_Assignment_
Below are records to be repeated exactly. Leave their pictures behind.

Source records

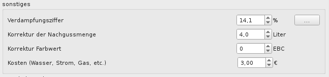 Ist die Verdunstungsziffer ermittelt und es stimmt die Pfannevollmenge nach dem Läutern nicht kann dies hier korrigiert werden.
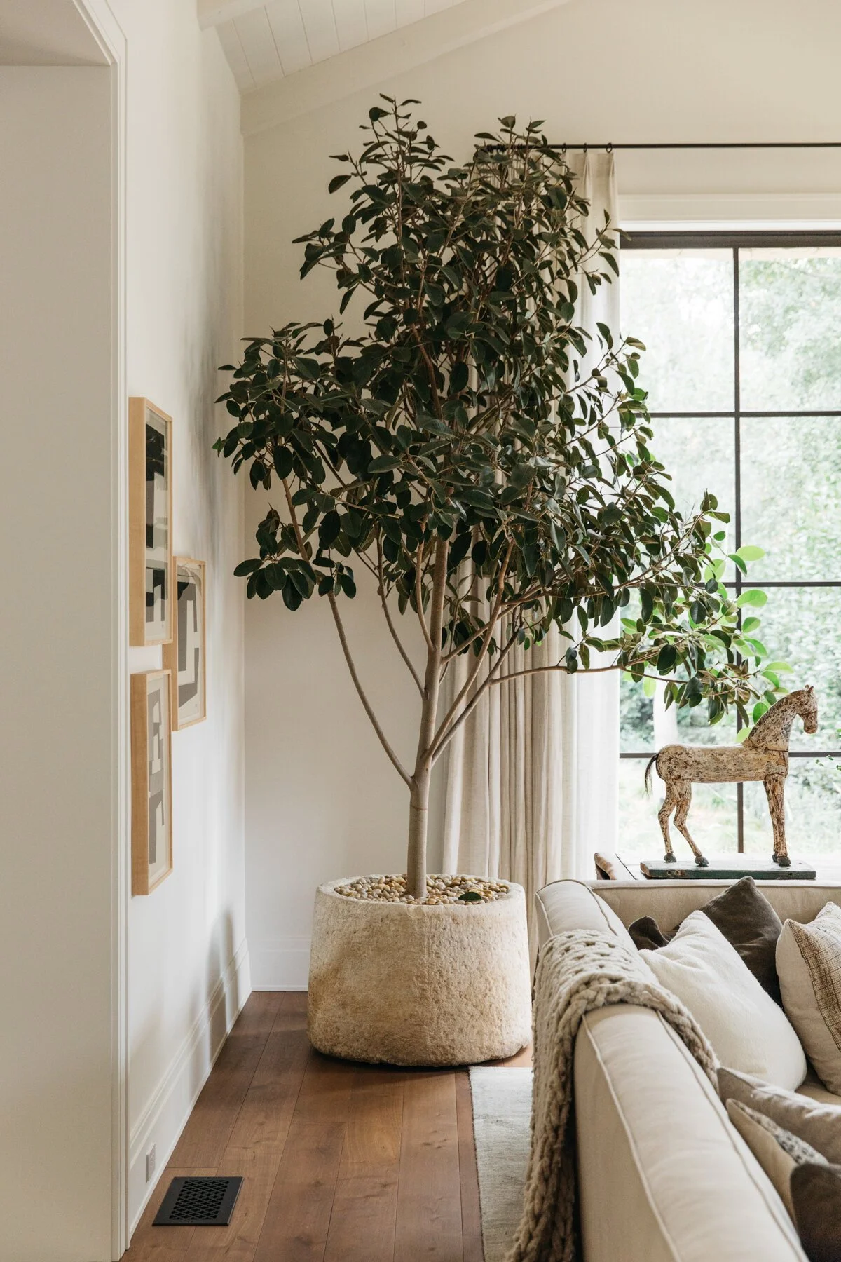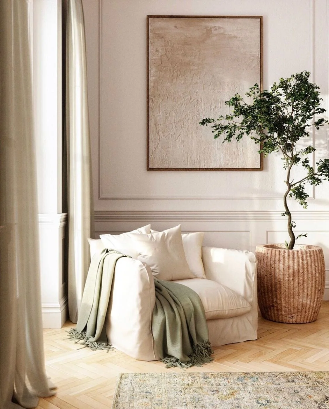 Na glavno zasnovo počasi dodajamo elemente z mehkimi ali gladkimi linijami, s pridihom naravnega. S tem prostor otoplimo in vanj vnesemo dodaten vizualni interes.
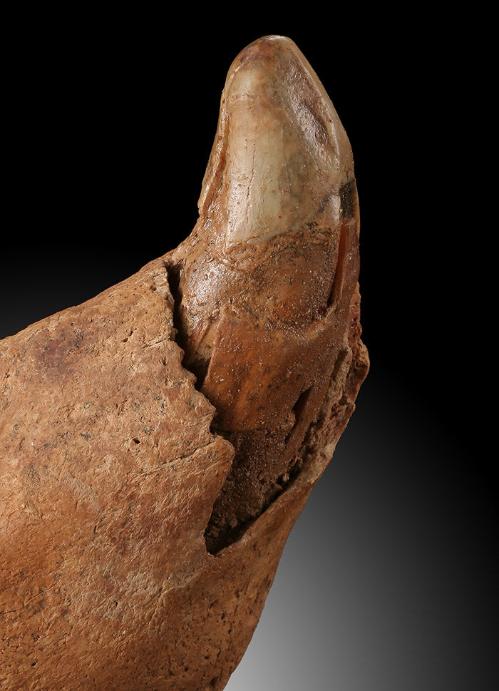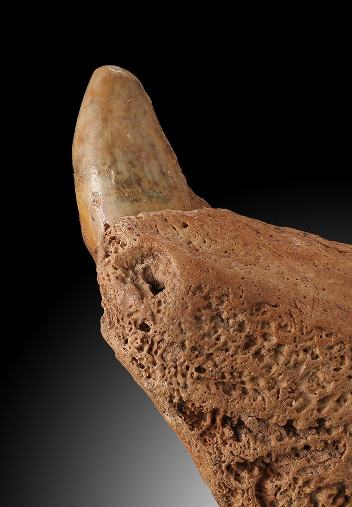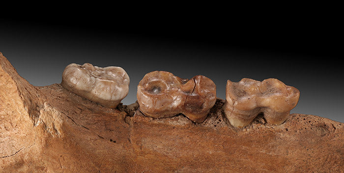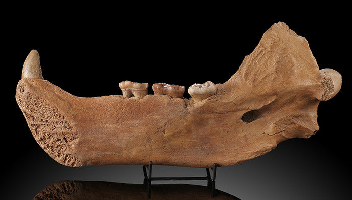 This jaw bone has three large molars, measuring up to 1-¼" in length, and an exposed canine tooth. The preservastion and preparation are top notch; it feels like a solid fossilized bone without sandy or crumbled matrix! Sold with a metal stand.
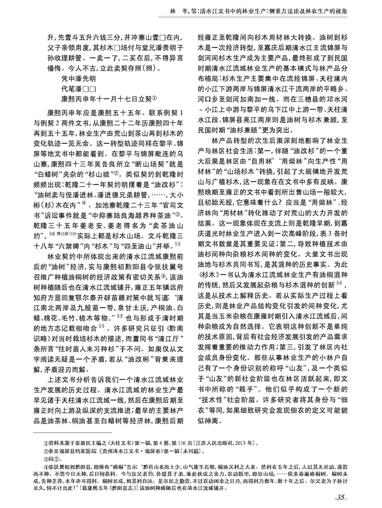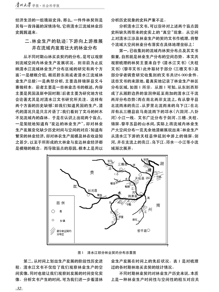 2017年6月第35卷第3期《贵州大学学报》(社会科学版)刊载贵州大学历史与民族文化学院(中国文化书院、阳明文化研究院)贵州大学清水江学研究中心研究员、历史系林芊教授及硕士生杨春华“清水江学”研究论文,题“清水江文书中的林业生产:侧重方法论及林农生产的视角——清至民国西南内地边疆侗苗地区土地关系研究之一”。全文如下:
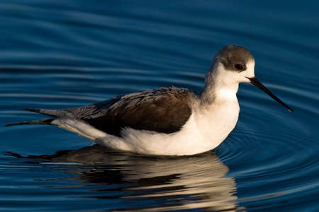 Beautiful pied avocet, Recurvirostra avosetta on the waters of the Bay of Cadiz.
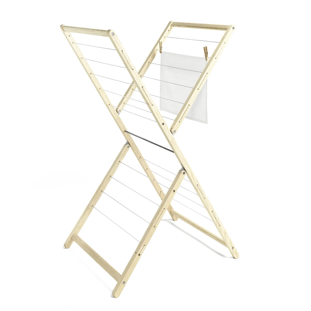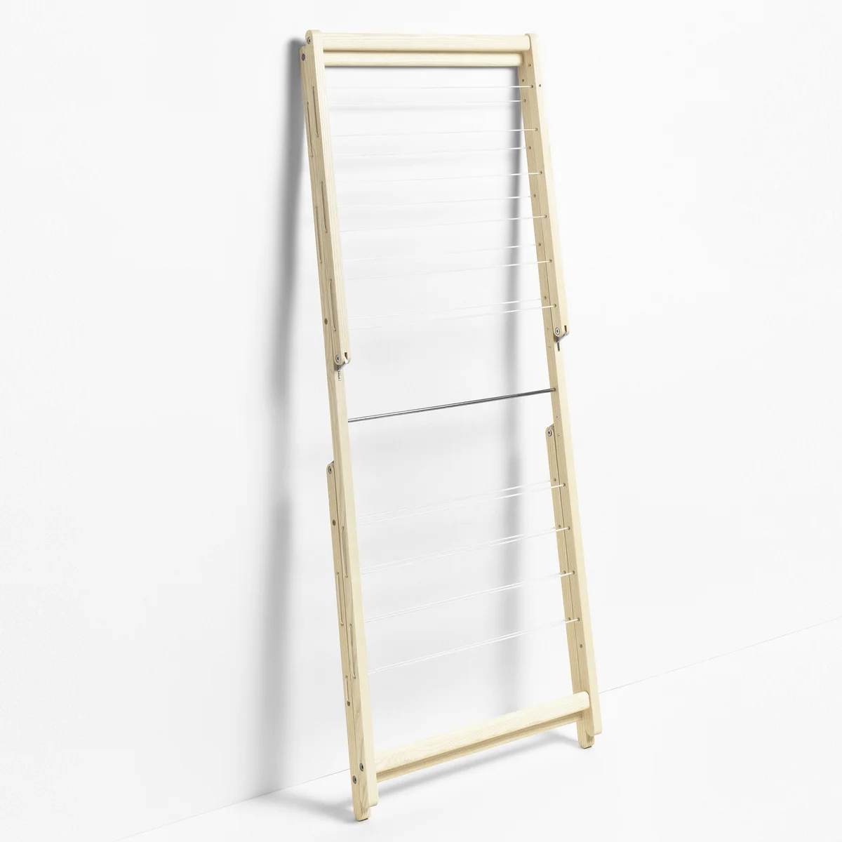 In plaats van ruimte in te nemen naar de zijkanten, gaat het omhoog, waardoor het zeer nuttig is in kleine flats. Het lichte en stabiele kledingpaard van massief essenhout kan snel en eenvoudig worden opgevouwen en uitgeklapt.
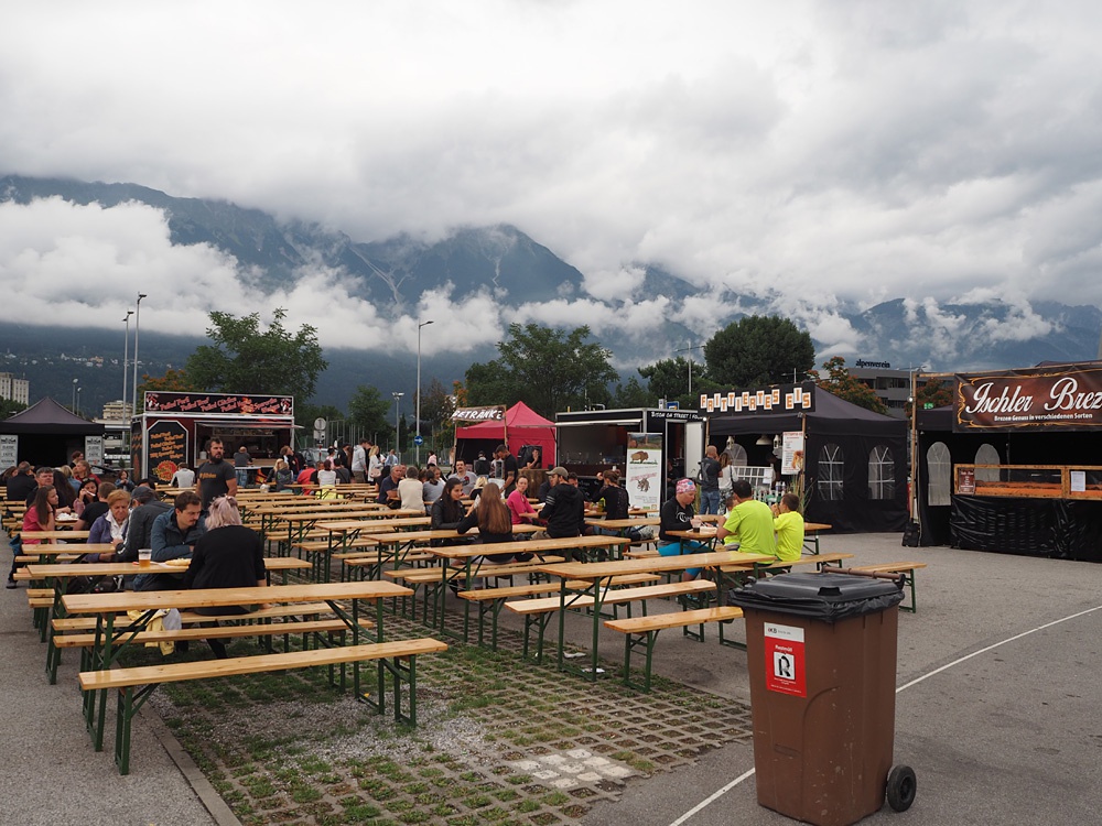 Eine Veranstaltung, die Innsbruck neuerdings regelmäßig heimsucht, nennt sich „European Street Food Festival“. Auf einem abgegrenzten Freiluftareal, das jedenfalls keine Straße ist, versammeln sich verschiedene Exemplare einer amerikanischen Erfindung namens Food-Truck, die als eine Art fahrende Küche Kulinarisches unter die Leute bringt – was an sich keine unsympathische Idee ist, bis sie zum Event ausgebaut wurde. Bei den ersten Ausgaben des Festivals musste man zunächst Eintrittsgeld bezahlen, um sich auf dem Gelände für weiteres Geld verköstigen zu dürfen. Mit der Street-Food-Idee hat auch die lieblose Gestaltung solcher Märkte kaum mehr etwas zu tun, dafür umso mehr mit der Kapitalisierung von Raum. Und die schreitet munter voran, auch weil Freizeitkultur längst gleichbedeutend mit Konsumkultur ist. Man darf es trotzdem gut finden, wenn die Innenstadt in den Sommermonaten zu einem riesigen Gastgarten wird. Zumal sich Innsbruck lange genug eher schwer damit getan hat, eine urbane Freiluftkultur zu entwickeln.

_Completed exercise_
 Ist die Verdunstungsziffer ermittelt und es stimmt die Pfannevollmenge nach dem Läutern nicht kann dies hier korrigiert werden.
 Na glavno zasnovo počasi dodajamo elemente z mehkimi ali gladkimi linijami, s pridihom naravnega. S tem prostor otoplimo in vanj vnesemo dodaten vizualni interes.
 This jaw bone has three large molars, measuring up to 1-¼" in length, and an exposed canine tooth. The preservastion and preparation are top notch; it feels like a solid fossilized bone without sandy or crumbled matrix! Sold with a metal stand.
 2017年6月第35卷第3期《贵州大学学报》(社会科学版)刊载贵州大学历史与民族文化学院(中国文化书院、阳明文化研究院)贵州大学清水江学研究中心研究员、历史系林芊教授及硕士生杨春华“清水江学”研究论文,题“清水江文书中的林业生产:侧重方法论及林农生产的视角——清至民国西南内地边疆侗苗地区土地关系研究之一”。全文如下:
 Beautiful pied avocet, Recurvirostra avosetta on the waters of the Bay of Cadiz.
 In plaats van ruimte in te nemen naar de zijkanten, gaat het omhoog, waardoor het zeer nuttig is in kleine flats. Het lichte en stabiele kledingpaard van massief essenhout kan snel en eenvoudig worden opgevouwen en uitgeklapt.
 Eine Veranstaltung, die Innsbruck neuerdings regelmäßig heimsucht, nennt sich „European Street Food Festival“. Auf einem abgegrenzten Freiluftareal, das jedenfalls keine Straße ist, versammeln sich verschiedene Exemplare einer amerikanischen Erfindung namens Food-Truck, die als eine Art fahrende Küche Kulinarisches unter die Leute bringt – was an sich keine unsympathische Idee ist, bis sie zum Event ausgebaut wurde. Bei den ersten Ausgaben des Festivals musste man zunächst Eintrittsgeld bezahlen, um sich auf dem Gelände für weiteres Geld verköstigen zu dürfen. Mit der Street-Food-Idee hat auch die lieblose Gestaltung solcher Märkte kaum mehr etwas zu tun, dafür umso mehr mit der Kapitalisierung von Raum. Und die schreitet munter voran, auch weil Freizeitkultur längst gleichbedeutend mit Konsumkultur ist. Man darf es trotzdem gut finden, wenn die Innenstadt in den Sommermonaten zu einem riesigen Gastgarten wird. Zumal sich Innsbruck lange genug eher schwer damit getan hat, eine urbane Freiluftkultur zu entwickeln.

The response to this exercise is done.